De um lado, um governo que se elegeu com as pautas de defesa do meio ambiente, de outro cede a interesses econômicos
Por Clarice Binda – DF
O Brasil se prepara para sediar, em novembro de 2025, a 30ª Conferência da ONU sobre Mudanças Climáticas (COP30), que ocorrerá em Belém, no coração da Amazônia. O evento representa uma oportunidade histórica para o país reforçar sua liderança nas negociações climáticas globais e reafirmar o compromisso com a transição energética e a preservação ambiental.

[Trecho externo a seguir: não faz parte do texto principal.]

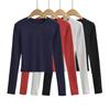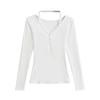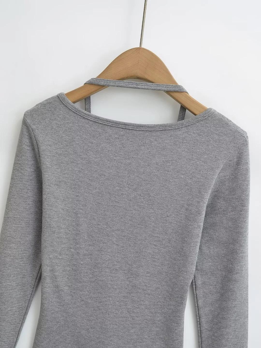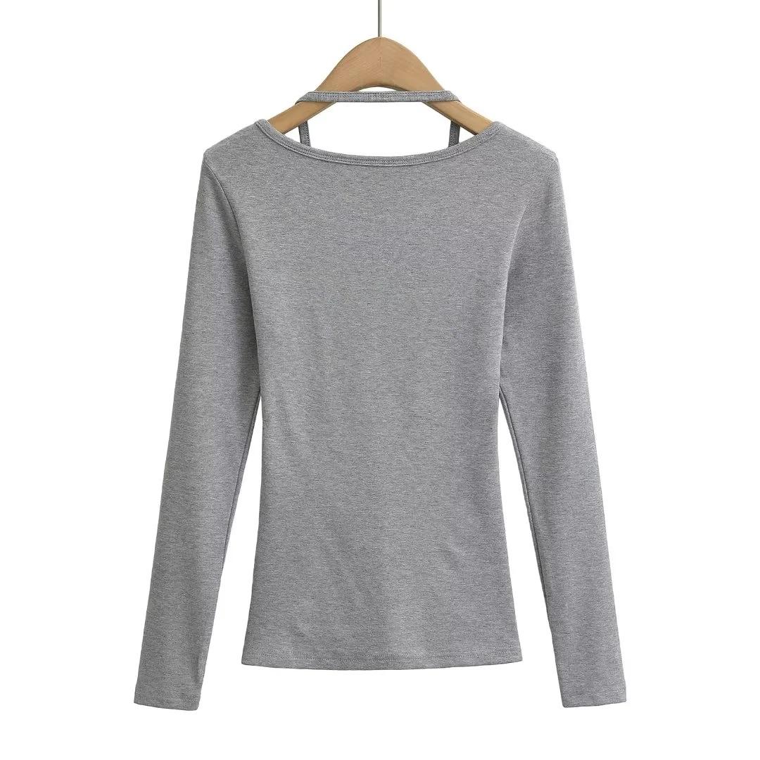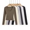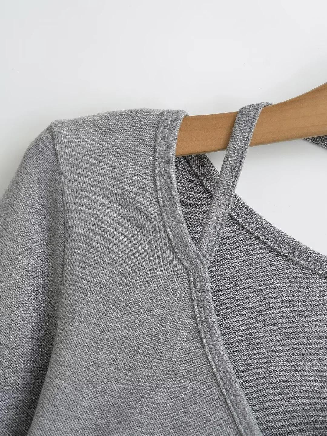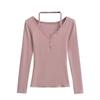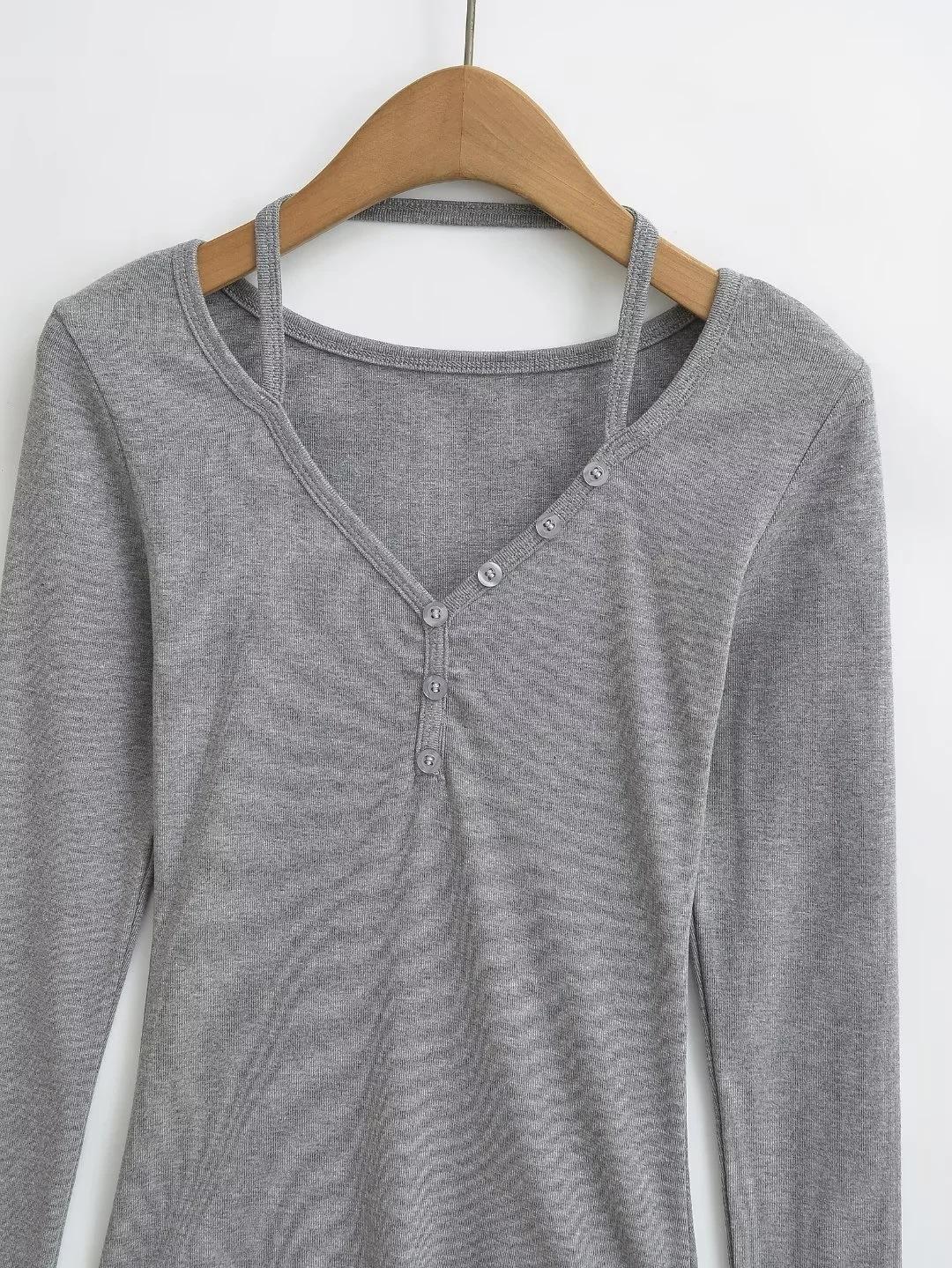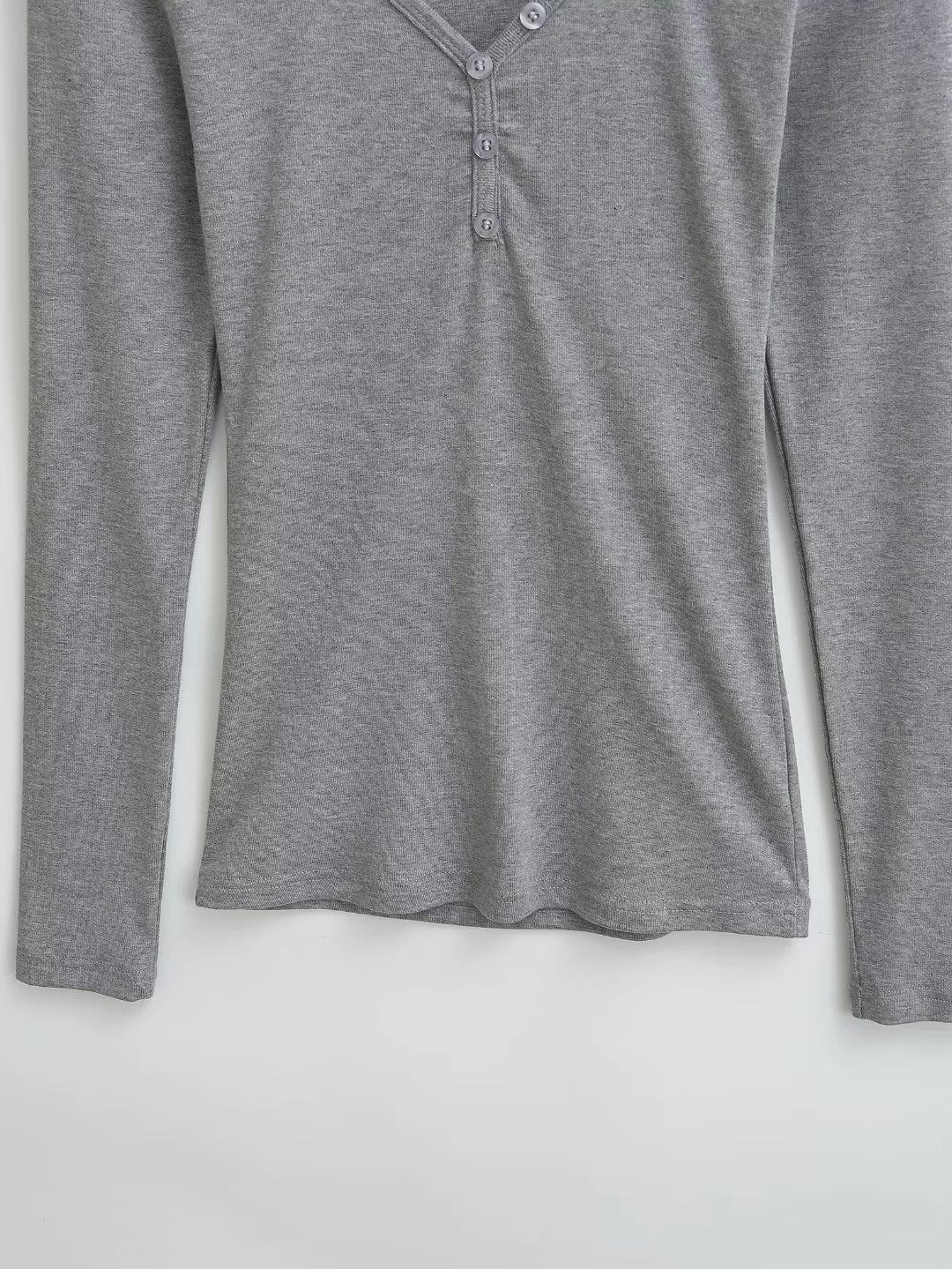 Camiseta sexy de manga larga con cuello en V y hebilla para mujer (2024)

No entanto, ao mesmo tempo, o governo federal vem enfrentando duras críticas — internas e internacionais — por várias ações que vão de encontro ao objetivo da COP: insistência na exploração de petróleo na chamada Margem Equatorial, uma das áreas ambientalmente mais sensíveis do país, e a tramitação de projetos de lei, sem grande oposição da bancada do governo, que facilitam a devastação do meio ambiente, como o PL 2.159/2021, que altera significativamente as regras de licenciamento ambiental, sendo apontado por especialistas e organizações ambientais como o maior retrocesso na legislação ambiental brasileira em décadas, sendo, por isso, apelidado de “PL da Devastação”.

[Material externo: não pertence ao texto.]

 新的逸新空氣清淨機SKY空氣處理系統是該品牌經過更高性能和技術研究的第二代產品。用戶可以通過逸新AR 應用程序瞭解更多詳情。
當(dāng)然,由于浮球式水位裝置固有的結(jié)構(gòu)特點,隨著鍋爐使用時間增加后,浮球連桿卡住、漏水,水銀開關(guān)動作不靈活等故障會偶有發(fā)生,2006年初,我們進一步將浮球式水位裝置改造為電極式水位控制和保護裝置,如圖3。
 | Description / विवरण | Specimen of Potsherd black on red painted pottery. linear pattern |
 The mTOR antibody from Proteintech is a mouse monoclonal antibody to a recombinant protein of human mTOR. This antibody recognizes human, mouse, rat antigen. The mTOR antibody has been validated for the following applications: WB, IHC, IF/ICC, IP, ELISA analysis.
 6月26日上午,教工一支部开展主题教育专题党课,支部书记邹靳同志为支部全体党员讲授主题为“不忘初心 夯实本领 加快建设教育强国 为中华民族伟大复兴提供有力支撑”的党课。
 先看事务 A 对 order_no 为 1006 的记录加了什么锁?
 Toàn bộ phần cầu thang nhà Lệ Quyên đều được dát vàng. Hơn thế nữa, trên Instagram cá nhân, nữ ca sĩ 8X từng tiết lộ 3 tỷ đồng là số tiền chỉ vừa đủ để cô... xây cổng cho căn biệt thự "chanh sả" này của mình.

A Margem Equatorial se estende do estado do Amapá ao Rio Grande do Norte e é considerada promissora em termos de reservas de petróleo, passando pelos Lençóis Maranhenses, reconhecido, desde o ano passado, pela Unesco como Patrimônio Natural da Humanidade, que valoriza sua beleza natural, a importância geomorfológica e a conservação da biodiversidade da região.

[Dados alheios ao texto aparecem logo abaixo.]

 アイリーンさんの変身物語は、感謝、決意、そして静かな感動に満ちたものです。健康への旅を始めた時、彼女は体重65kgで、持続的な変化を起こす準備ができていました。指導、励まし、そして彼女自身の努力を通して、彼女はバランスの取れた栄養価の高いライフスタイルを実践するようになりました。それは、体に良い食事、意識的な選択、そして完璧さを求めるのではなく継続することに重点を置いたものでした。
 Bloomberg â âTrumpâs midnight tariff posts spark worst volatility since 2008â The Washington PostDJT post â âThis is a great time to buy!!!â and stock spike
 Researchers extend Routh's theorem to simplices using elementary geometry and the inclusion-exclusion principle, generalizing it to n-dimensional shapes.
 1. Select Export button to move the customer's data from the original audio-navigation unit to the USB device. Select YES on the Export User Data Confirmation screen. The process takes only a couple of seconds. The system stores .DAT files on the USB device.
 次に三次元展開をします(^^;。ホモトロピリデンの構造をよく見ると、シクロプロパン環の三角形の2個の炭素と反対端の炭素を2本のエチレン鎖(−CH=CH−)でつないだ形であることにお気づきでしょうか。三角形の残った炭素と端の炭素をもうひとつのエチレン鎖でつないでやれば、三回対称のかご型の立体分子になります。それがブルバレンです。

Apesar de o presidente da República vir defendendo abertamente a exploração da região como uma medida estratégica para o crescimento econômico, a tese encontra forte resistência da sua ministra do Meio Ambiente, Marina Silva, que tem feito alertas contundentes sobre os riscos da exploração em áreas próximas à foz do rio Amazonas, na mesma linha do Ibama — autarquia ambiental vinculada ao Ministério do Meio Ambiente — que já se manifestou, em 2023, negando à Petrobras uma licença para estudo para exploração na região, alegando ausência de estudos conclusivos suficientes sobre os impactos ambientais.
O cenário revela uma grave contradição: de um lado, um governo que se elegeu com as pautas de defesa do meio ambiente e do clima e quer(ia) se afirmar como liderança ambiental global; de outro, o mesmo governo cede a interesses econômicos imediatos e pressões regionais por “desenvolvimento”.
A realização da COP30 na Amazônia, nesse contexto, joga luz sobre essa ambiguidade. Como um país pode ao mesmo tempo defender uma transição energética justa enquanto insiste na expansão da matriz fóssil?
A tensão entre preservação e desenvolvimento se agrava com declarações públicas do presidente Lula, que chegou a cobrar esclarecimentos da ministra Marina Silva e do presidente do Ibama sobre as travas à liberação de licenças ambientais em projetos de infraestrutura. Em fevereiro deste ano o presidente chegou a criticar o Ibama por falta de aval para explorar petróleo na Foz do Amazonas: “É um lenga-lenga, parece contra o governo”.
Enquanto isso, a ministra Marina Silva pede apoio da sociedade para barrar “a boiada das boiadas”. Não foi à toa que Marina foi alvo de violência política de gênero no Senado Federal, no último dia 27 de maio, quando compareceu como convidada à Comissão de Infraestrutura para prestar informações sobre estudos para criar a maior unidade de conservação marinha do país, na Margem Equatorial, no litoral Norte do Amapá, exatamente a região onde a Petrobras pretende realizar estudos para a produção de petróleo.
Com os olhos do mundo voltados para Belém em 2025, a coerência entre palavra e prática será o verdadeiro teste de liderança climática para o país, e um ponto decisivo para o futuro do planeta.